Despite systematic repression, powerful enemies, and ongoing discrimination and other challenges, Indigenous communities have achieved important wins in the past year in Latin America.
Here are a few highlights of what tireless struggle has recently achieved for Indigenous communities.
1. Controversial Dam on Indigenous Land
Panama halted the construction of the controversial Barro Blanco dam in February 2015 under the pressure of highway blockades and other resistance by the Ngobe Bugle people, organized against multiple mining and hydroelectric projects in their ancestral territory. Although the administration of President Juan Carlos Varela has suspended the completion of the project until a full agreement with the Ngobe Bugle can be reached, the struggle is not over and traditional authorities continue to negotiate with the government and bring the Indigenous perspective on the impacts of the dam to the table.
2. Warding off Mining Extraction
Colombia gave national park status to the collectively-owned Indigenous territory of Yaigoje Apaporis in October 2015, a move that will help Indigenous peoples protect their traditional lands from mining exploitation in the area. The ruling immediately put a stop to all mining operations within the boundaries of the new park, including a gold mine concession to a Canadian multinational corporation.
3. Historic Sex Slavery Verdict
In a landmark decision, Guatemala sentenced two former military officers to a total of 360 years in prison for systematically raping Indigenous women and keeping them as domestic and sexual slaves at the Sepur Zarco military base during the bloodiest years of civil war in the 1980’s. The case set an important national and international precedent and serves as a symbol for breaking systemic impunity for dictatorship-era crimes in Guatemala, including genocide against Indigenous people.

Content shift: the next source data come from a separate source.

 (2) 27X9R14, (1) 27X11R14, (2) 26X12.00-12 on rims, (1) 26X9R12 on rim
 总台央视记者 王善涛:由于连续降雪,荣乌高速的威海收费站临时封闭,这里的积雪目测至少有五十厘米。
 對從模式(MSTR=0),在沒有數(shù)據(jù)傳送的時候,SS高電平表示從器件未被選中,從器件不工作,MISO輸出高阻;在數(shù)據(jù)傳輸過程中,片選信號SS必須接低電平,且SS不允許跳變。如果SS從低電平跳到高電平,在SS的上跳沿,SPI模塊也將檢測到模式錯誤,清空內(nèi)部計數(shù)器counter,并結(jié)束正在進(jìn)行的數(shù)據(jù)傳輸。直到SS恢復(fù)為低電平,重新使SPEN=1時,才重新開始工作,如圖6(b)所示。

4. First Autonomous Government
The Wampis people in Peru made history in November 2015 when they declared the first Autonomous Indigenous Government in the history of the country over their over 3 million acre territory. Representing some 100 subsistence Wampis communities, the autonomous government aims to secure Indigenous sovereignty and protect their lands, livelihoods, and local ecosystems from the threat of exploitation by mining, logging, and industrial agriculture.
5. Justice for Slain Leader
One of the accused murderers of the prominent Venezuelan Indigenous leader Sabino Romero was handed down a maximum sentence of 30 years in prison for homicide in August 2015 in a rare landmark move to prosecute the killer of an Indigenous person. Sabino, a leader of the Yukpa indigenous group in Western Venezuela and famed national symbol of Indigenous resistance, was killed in March 2013 after a heated land conflict between Indigenous groups with legal title to the land and large ranchers who wanted to stake their claim to the farmland.

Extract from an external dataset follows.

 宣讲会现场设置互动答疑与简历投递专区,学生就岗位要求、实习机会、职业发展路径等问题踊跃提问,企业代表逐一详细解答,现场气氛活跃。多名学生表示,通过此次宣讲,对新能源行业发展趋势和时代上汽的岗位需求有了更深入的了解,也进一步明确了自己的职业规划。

6. Paraguayan Indigenous Group Won Legal Land Title
The Enxet Sur peoples of Paraguay won a major victory after years of struggle when the Yexwase Yet community recuperated in April 2015 nearly 25,000 acres of ancestral territory with legal title. The legal land rights provide a safeguard for Enxet Sur traditional subsistence livelihoods and the natural forest ecosystem against industrial agriculture wreaking environmental havoc in the area.
7. Taking On Monsanto
Mexico’s top court banned the use of genetically-modified soybeans in the Yucatan peninsula in November 2015, demanding that Monsanto consult local Indigenous communities about contested agricultural activities on their lands in order to use GMO soy. The move blocked Monsanto’s plans to plant over 600,000 acres of land with the crop, ruling in favor of thousands of Indigenous campesinos and beekeepers fighting to protect the environment. But the struggle against Monsanto is far from over, as Indigenous and campesino communities continue to fight for a ban on GM corn that threatens biodiversity and dozens of Indigenous mais varieties.
8. Mapuche Leaders Vindicated
Three Mapuche leaders were freed in November 2015 after being found not guilty in a landmark intercultural trial in southwestern Argentina. The land defenders were criminalized for resisting an eviction and handed down charges the Mapuche interpreted as politically motivated. In a first-ever intercultural trial, the leaders were vindicated and the Mapuche set an important precedent for fighting the criminalization of Indigenous resistance.